The life of the late rock legend, David Bowie, is to become the dramatic centerpiece of a biopic titled Stardust. Tackling the task of portraying Bowie is Johnny Flynn, a musician who’s already banked quite the resume as an actor.
Stardust will chronicle a critical waypoint in the career of Bowie (born David Robert Jones), set in 1971 during the then-24-year-old’s first trip to America. After Bowie made evolutionary leaps from early-1960s teen idol to “Space Oddity” in 1969 to Dylan-esque/Britpop hybrid on album Hunky Dory and a dark transition on The Man Who Sold the World, his first stateside sojourn yielded inspiration for his next creative step. There, he conceived the plan to parlay his onstage androgyny into the persona that we know as Ziggy Stardust, the titular character (joined by band The Spiders from Mars,) of his 1972 smash album and, indirectly, 1973’s Aladdin Sane.
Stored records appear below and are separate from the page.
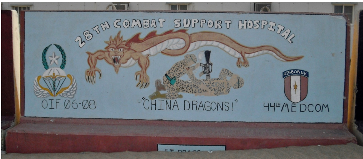
Figure 123. 28th Combat Support Hospital

Islands, coconut bearing palm trees, and a sand colored background. Additionally, the positioning of the Hawaiian Islands map gives the appearance of a hammock strung between the trees. Breaking from the common central mascot or moniker image, this unit features its identification and higher organization insignia (25th Infantry Division). The motto, “Always Ready,” is darkened for effect to indicate mission focus. While showing military readiness, this barrier simultaneously brings a message of peace and rest which is fitting for a medical mission.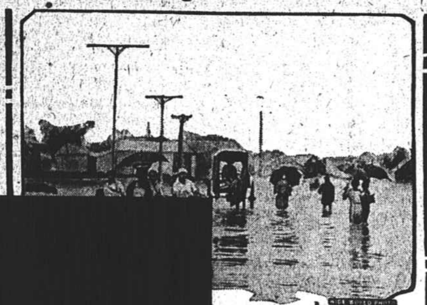
Manila, I., has been suffering from floods this week. The street shown here is a main avenue when the waters were high.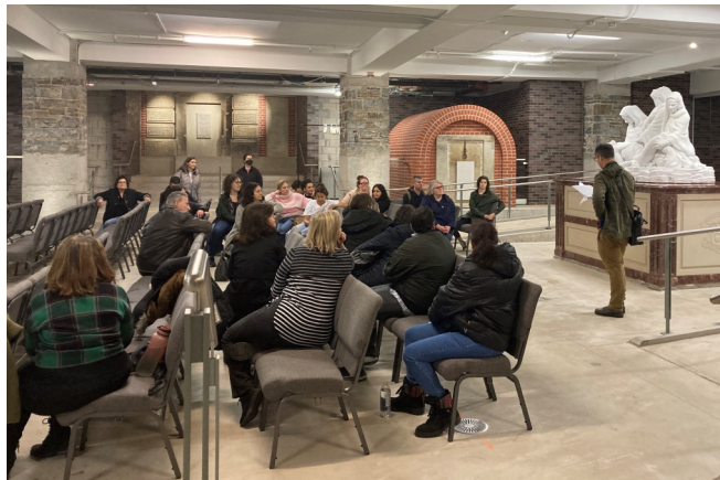
Loretto College School staff at tour conclusion in crypt at St Michael's Cathedral

The Loretto Archives is pleased to have concluded our contributions to the 175th Anniversary Celebrations in September. We had 4 groups of people from all walks of life come together and participate on the Walking Tour to celebrate and educate participants on the conditions and social climate that the First Five Loretto Sisters who came to Canada would have arrived in. The last group of the walking tours happened at the start of November and was attended by the teachers of Loretto College School. We hope that everyone who went on the tour got a taste of the rich history of the Irish community in Toronto and got a sense of the challenges our First Five Sisters took in hand.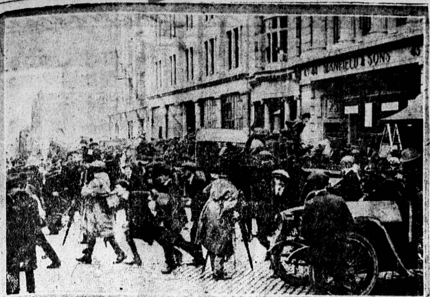
POLICE AND SOLDIERS MAKING RAID IN DUBLIN

Here is one of the latest photographs received from Ireland. It shows an exciting scene in Sackville street, Dublin, while combined forces of soldiers and police were making raids. A cadet on sentry duty is seen with revolver in his hand in front of the buildings raiding.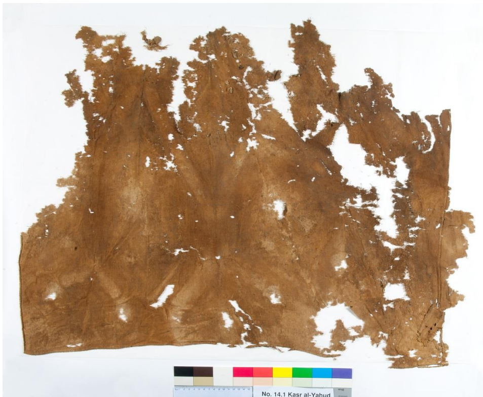
Fig. 9: No. 14.1, Shroud.

low greater freedom of movement (Adams 1999:55). They were also found at the Jeziret Fara'un (Coral Island) from the late twelfth and thirteenth centuries CE. The classical Mediterranean tradition of weaving clothes to shape lingered on in Egypt until well after the Arab invasion (Granger-Taylor 1982, 22). It became more common following the Arab expansion and within two hundred years it became predominant (Granger-Taylor 1983).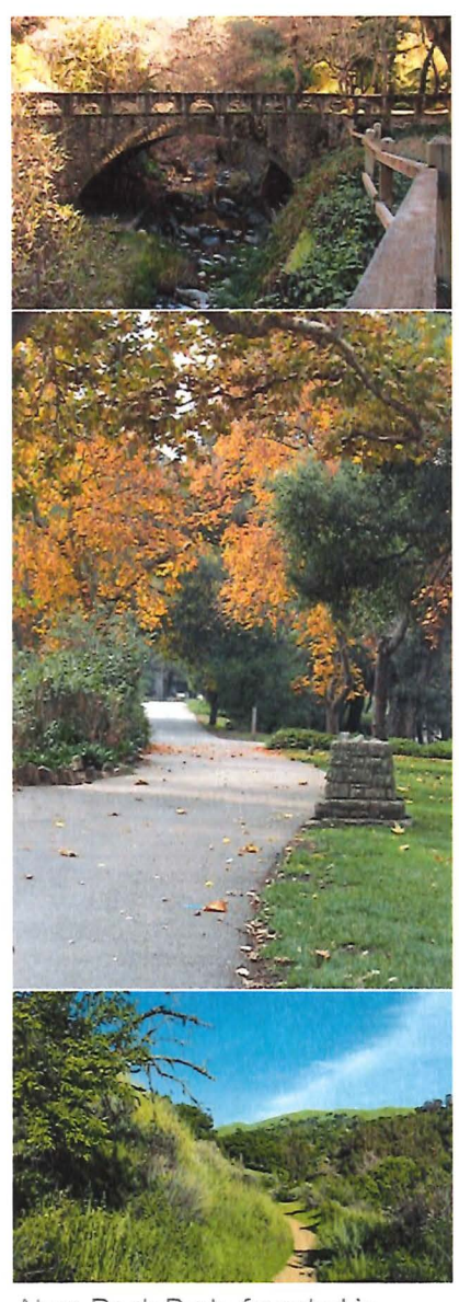
Alum Rock Park, founded in 1872, is California's oldest municipal park.

There were 3,863 housing units at an average density of 3,207.3 per square mile (1,238.4/km²), of which 2,393 (64.9%) were owner-occupied, and 1,293 (35.1%) were occupied by renters. The homeowner vacancy rate was 1.8%; the rental vacancy rate was 3.2%. 9,541 people (61.4% of the population) lived in owner-occupied housing units and 5,823 people (37.5%) lived in rental housing units.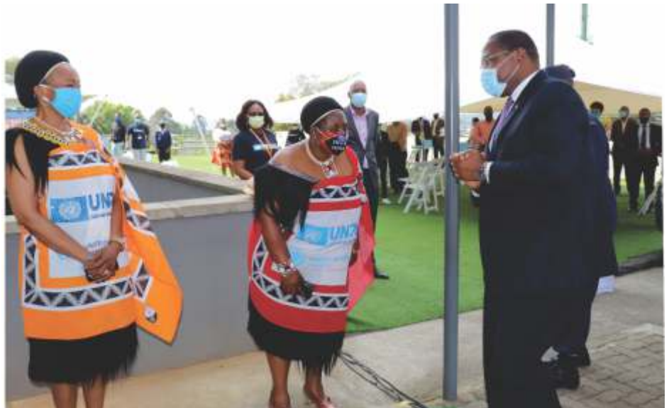
The Prime Minister, Minister of Foreign Affairs and the UN Resident Coordinator on a guided tour of information stalls at the carpark.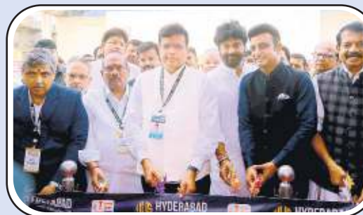
D. Sridhar Babu, Minister for Information Technology, Electronics, Communications, Industries & Commerce, Govt. of Telangana, inaugurated the Hyderabad International Jewellery Show (HIJS), in HITEC Exhibition Centre, Hitech City Hyderabad. The show will end on Oct 20.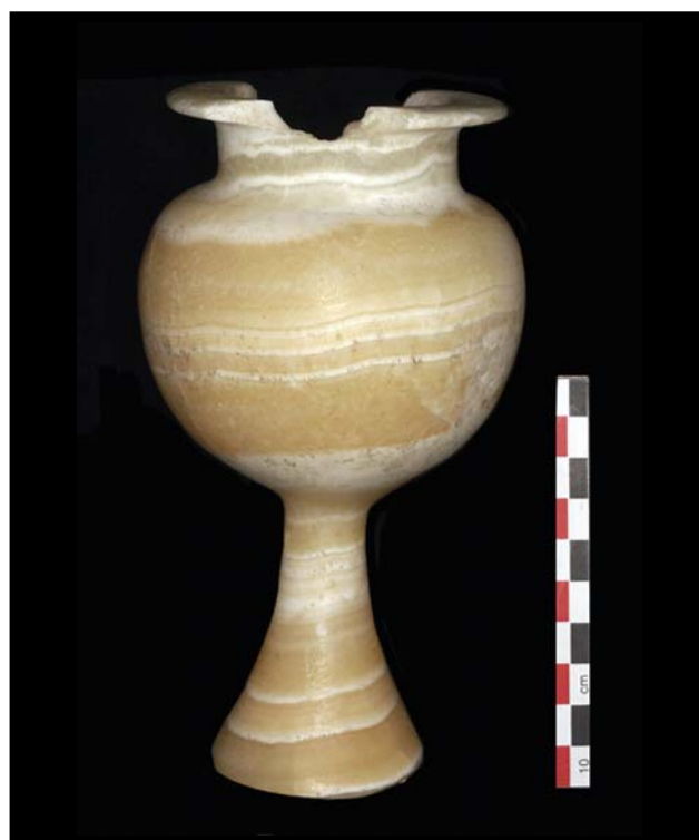
Fig. 5. «Chalice» alabaster vase.

As well as the beads, alabaster vessel occupies a significant place in the inter-Iranian trade, and illustrates once more the opulence of this exceptional ensemble, and of the female individual who was buried in this grave. This observation leads us to wonder about the social relations between genders, and the strong role that women could have in the proto-historic societies of Central Asia (Luneau, 2008, 2014).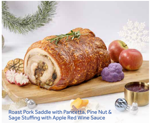
Roast Pork Saddle with Pancetta, Pine Nut & Sage Stuffing with Apple Red Wine Sauce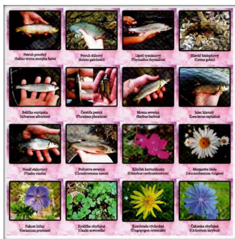
Fig. 3. Memory game

The images of the created memory game (Figure 3) contain photographs of selected species of fauna and flora of the local landscape. The teacher can use this method of teaching at the beginning of the lesson in the motivational phase. The memory game contains 32 pairs of pictures. The teacher can divide the memory game into several parts in advance and also divide the students into several groups so that the other phases of the lesson can be completed in time. The pictures contain both Slovak and Latin names of the species. As part of the use of memory game in primary school, the education of Latin names is not required. For high school students, respectively can require some Latin names after considering the teacher.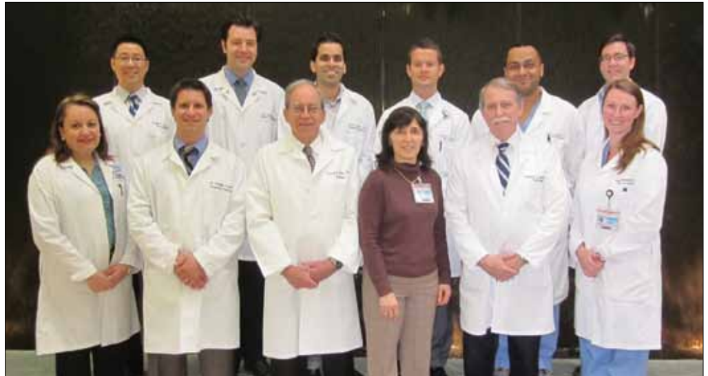
Northern Virginia Radiology Consultants, PLLC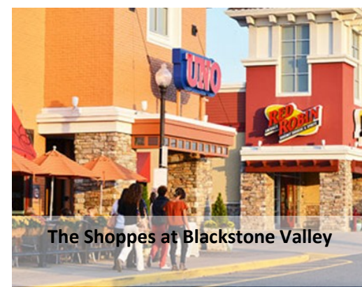
The Shoppes at Blackstone Valley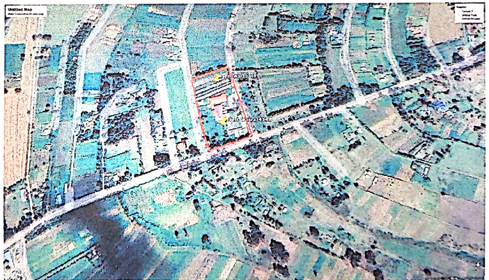
A google excerpt of the subject property. Co-ordinates: 0°14'59.27"S, 37°5'51.23"E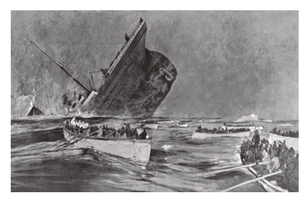
Sinking of the Titanic, 1912, gouache.

Historians are always ready to use photographs to illustrate historic events. They interpet them with the help of text sources, using them as secondary sources, if at all. Photos are considered supplementary information to the "hard facts," and are seldom interpreted as primary sources. When we take a closer look—as this book literally invites us to do—we find that photos occupy

In the latest news, Stardust has released an image, giving us our first glimpse of Flynn’s depiction of Bowie. As the plot description indicated, his look here is evocative of his look circa-1971 during his long-locks days after the release of the Hunky Dory album, from which he’d spawned hits like “Changes,” “Oh You Pretty Things,” and “Life on Mars.”
The film will see Flynn, a South-African-born singer/songwriter, tackle the lofty challenge of playing the Thin White Duke himself. He’ll bring experience from runs on miniseries such as the BBC’s Les Misérables and ITV’s Vanity Fair, Netflix/Channel 4’s Lovesick and is familiar with filling big biographical shoes, having played young Albert Einstein on the first season of National Geographic’s anthology miniseries, Genius. He also fielded a London stage run – opposite Game of Thrones’ Kit Harrington – on Sam Shepherd’s True West.
Flynn will be joined in the Stardust cast by Jena Malone (Nocturnal Animals, The Hunger Games films), who will play Angie, Bowie’s first wife, and Marc Maron (GLOW, Maron), who will play a record company publicist.
Set to direct Stardust are the duo of Christopher Bell (The Last Czars) and Gabriel Range (I Am Slave). This film is produced by Paul Van Carter and Nick Taussig of Salon Pictures. Piccadilly Pictures’ Christopher Figg will finance, with Film Constellation soliciting global sales.
The concept of Stardust, focused on a specific transition point in Bowie’s music career, is an interesting one. While the art-rocker – who passed away on January 10, 2016 – may have left behind an extensive catalogue made up from vastly different eras celebrated in their own right, it was his character-manifesting performance-piece era during the early-1970s that arguably remains his most influential creative achievement, spearheading the Glam Rock movement, which led to a major evolution in Rock that manifested in the Punk, New Romantic and New Wave eras in the ensuing decade. Now, we’ll get to see the catalyst to all of that chronicled in a film.
Stardust has yet to announce a release date, but we will keep you updated here on the major developments.